## [Data records]
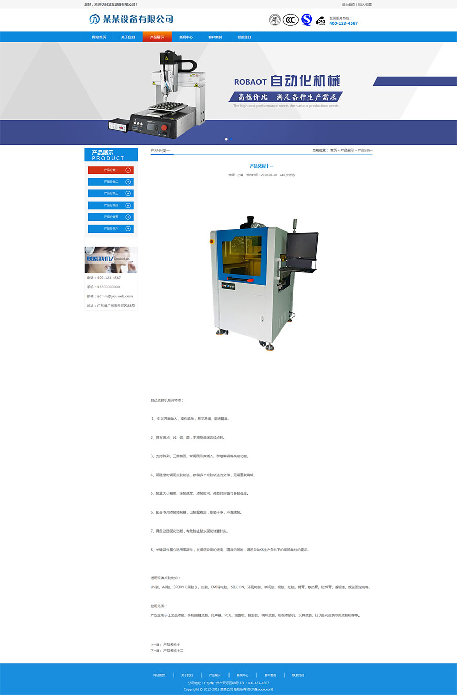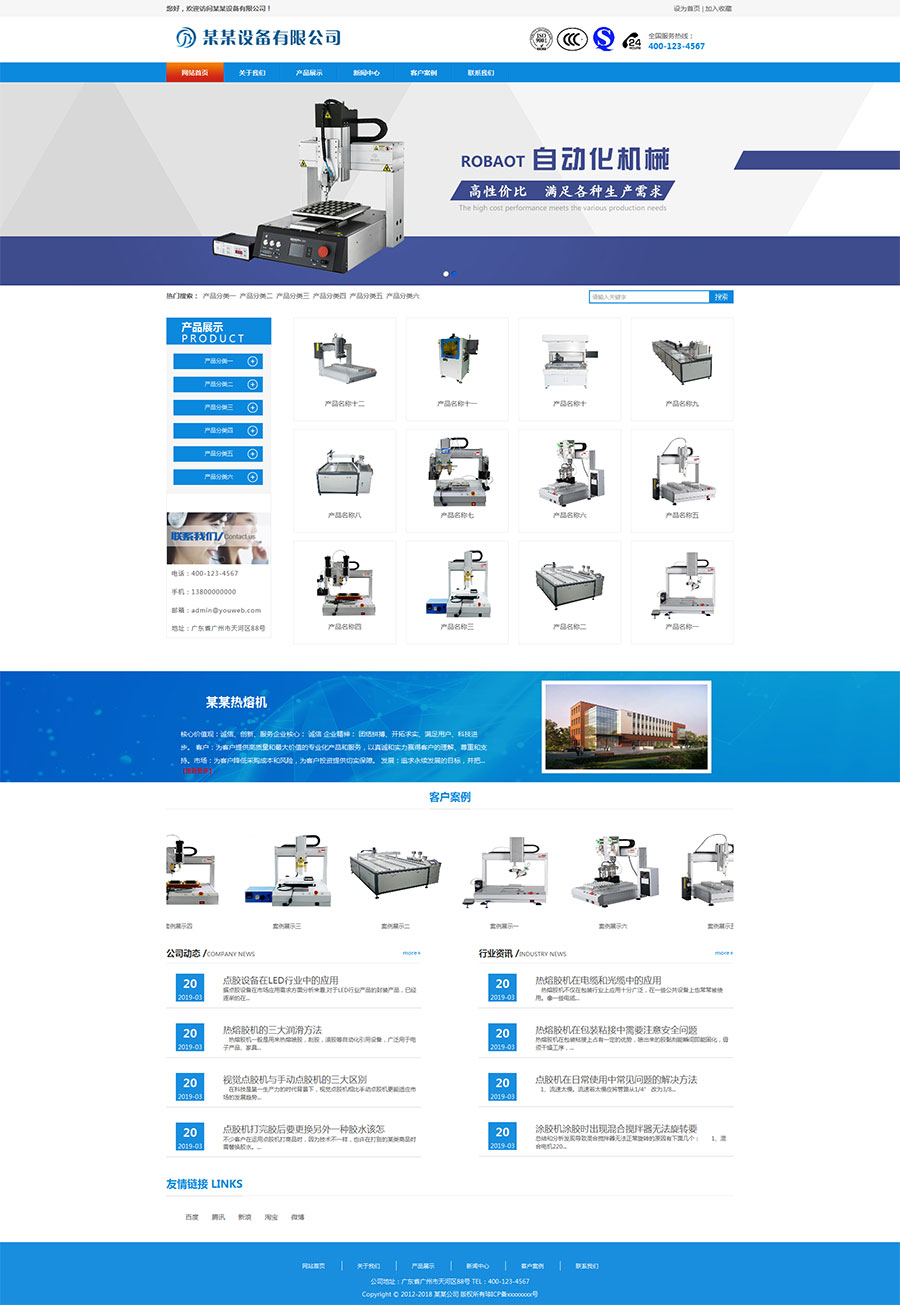 Thinkphp自动化设备点胶机热熔机企业网站源码 带手机端 带后台
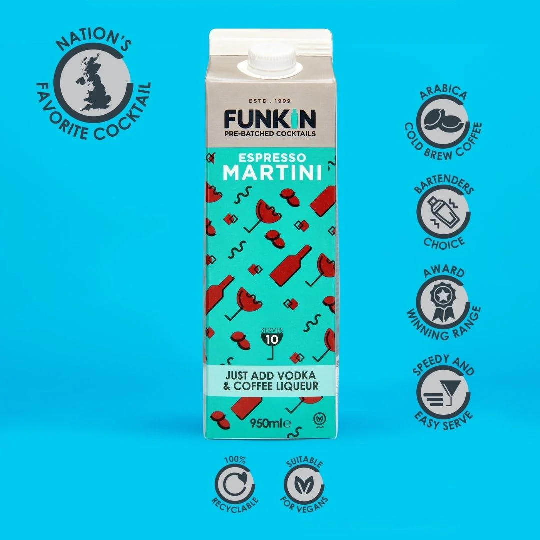 Rich, indulgent, and energising â Funkin Espresso Martini Mixer is an expert blend of the finest cold brew coffee to enjoy at home. Looking for an espresso martini kit or gift set that will help you make your favourite cocktail from home quickly and easily? Simply mix 25ml of Vodka, 25ml of Coffee Liqueur and 95ml of our bestselling mixer in a Boston shaker, give it a good shake and garnish with coffee beans. Smooth.
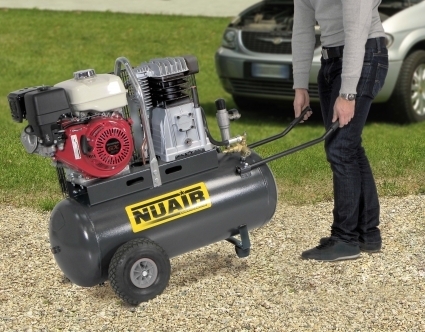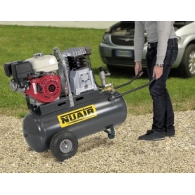 ompresores con motor de gasolina, supervisados por HONDA. Montados sobre deposito de 100 lts. Motor de explosión HONDA conforme a las más severa normativa de emisiones. Regulador de presión sobre-dimensionado con doble salida de aire. Barra adicional para levantar
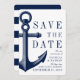Ett unikt sätt att spara datumkorten som är skräddarsydda för ditt framtida bröllop med ett unikt nautiska stil. Inbjudningskortets framsida har ett fet ankare för vintage som kompletterar ett nautiskt stil. På motsatt sida är mörk marin och vit rand för att slutföra utseendet. Alla inslag är olåsta, så ha roligt att skapa och skapar dem själva.
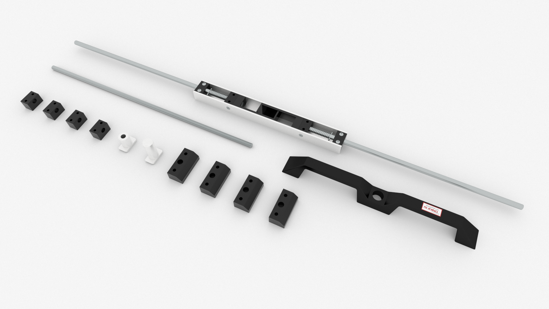 鎖進&鎖出版本的把手鎖系統(tǒng)是將鎖件機構(gòu)安裝于抽屜尾端, 并新增零件(包括: 1000mm長鍍鋅M10螺桿, 尾端按鈕, 引導(dǎo)塊和檔塊)。所有零件缺一不可才能成為一個完整的系統(tǒng)。
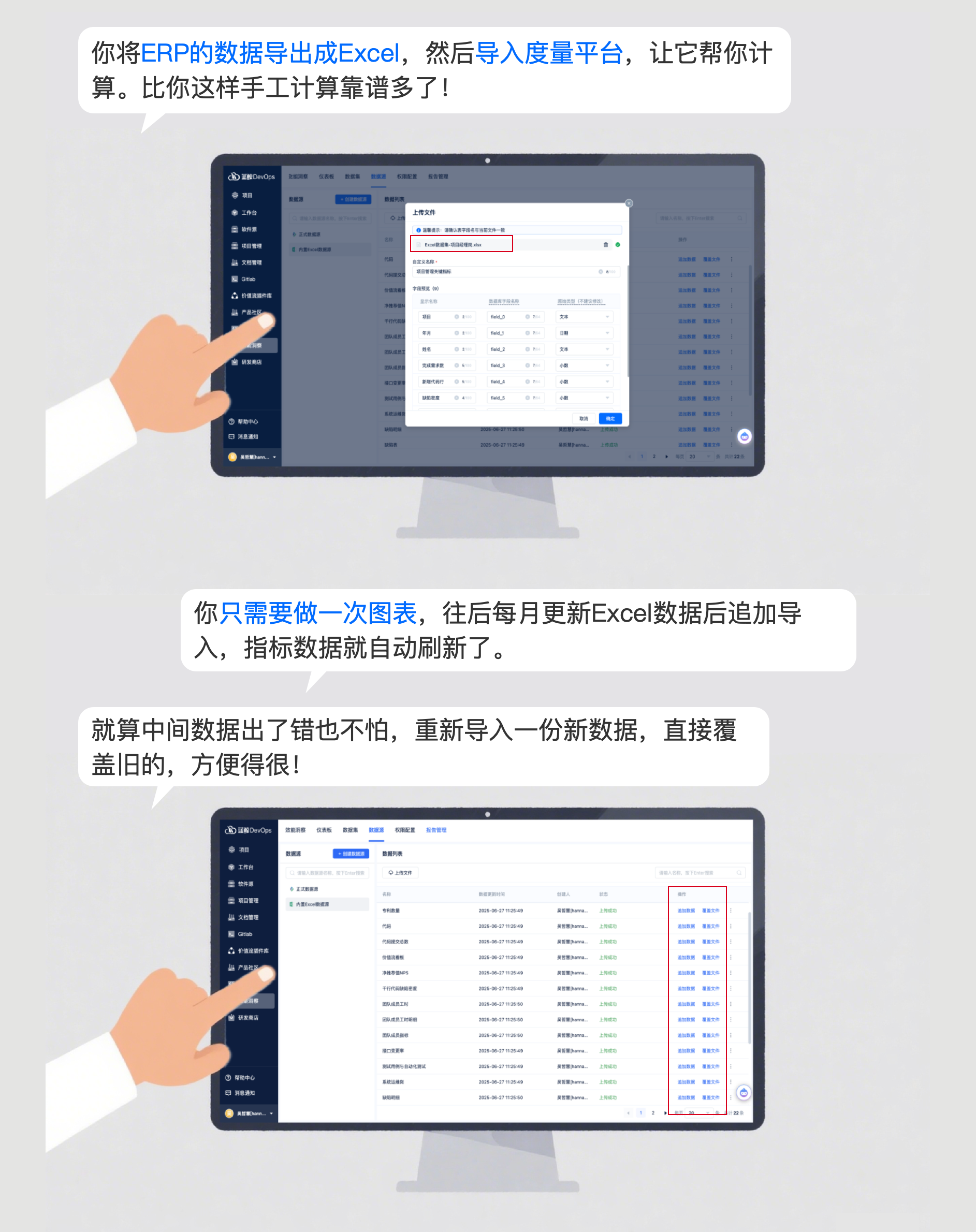 嘉为蓝鲸效能洞察平台·CMeas实现可度量离线Excel数据;后续通过简单导入、追加即可更新数据,无需重复制作图表,助力洞察数据采集更高效!
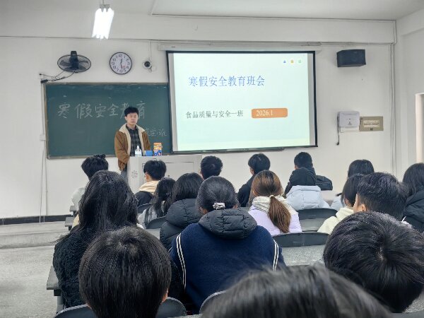 为强化同学们假期安全防护意识,确保全体同学度过平安祥和的寒假,2026年1月7日,23级食安1班于博学楼A111教室召开寒假安全教育班会。本次班会由班长余颖棚主持,食安1班全体同学参与。

## [Task directions]
Print the entries above exactly, taking out only the pictures.

## [Task output]
 Thinkphp自动化设备点胶机热熔机企业网站源码 带手机端 带后台
 Rich, indulgent, and energising â Funkin Espresso Martini Mixer is an expert blend of the finest cold brew coffee to enjoy at home. Looking for an espresso martini kit or gift set that will help you make your favourite cocktail from home quickly and easily? Simply mix 25ml of Vodka, 25ml of Coffee Liqueur and 95ml of our bestselling mixer in a Boston shaker, give it a good shake and garnish with coffee beans. Smooth.
 ompresores con motor de gasolina, supervisados por HONDA. Montados sobre deposito de 100 lts. Motor de explosión HONDA conforme a las más severa normativa de emisiones. Regulador de presión sobre-dimensionado con doble salida de aire. Barra adicional para levantar
Ett unikt sätt att spara datumkorten som är skräddarsydda för ditt framtida bröllop med ett unikt nautiska stil. Inbjudningskortets framsida har ett fet ankare för vintage som kompletterar ett nautiskt stil. På motsatt sida är mörk marin och vit rand för att slutföra utseendet. Alla inslag är olåsta, så ha roligt att skapa och skapar dem själva.
 鎖進&鎖出版本的把手鎖系統(tǒng)是將鎖件機構(gòu)安裝于抽屜尾端, 并新增零件(包括: 1000mm長鍍鋅M10螺桿, 尾端按鈕, 引導(dǎo)塊和檔塊)。所有零件缺一不可才能成為一個完整的系統(tǒng)。
 嘉为蓝鲸效能洞察平台·CMeas实现可度量离线Excel数据;后续通过简单导入、追加即可更新数据,无需重复制作图表,助力洞察数据采集更高效!
 为强化同学们假期安全防护意识,确保全体同学度过平安祥和的寒假,2026年1月7日,23级食安1班于博学楼A111教室召开寒假安全教育班会。本次班会由班长余颖棚主持,食安1班全体同学参与。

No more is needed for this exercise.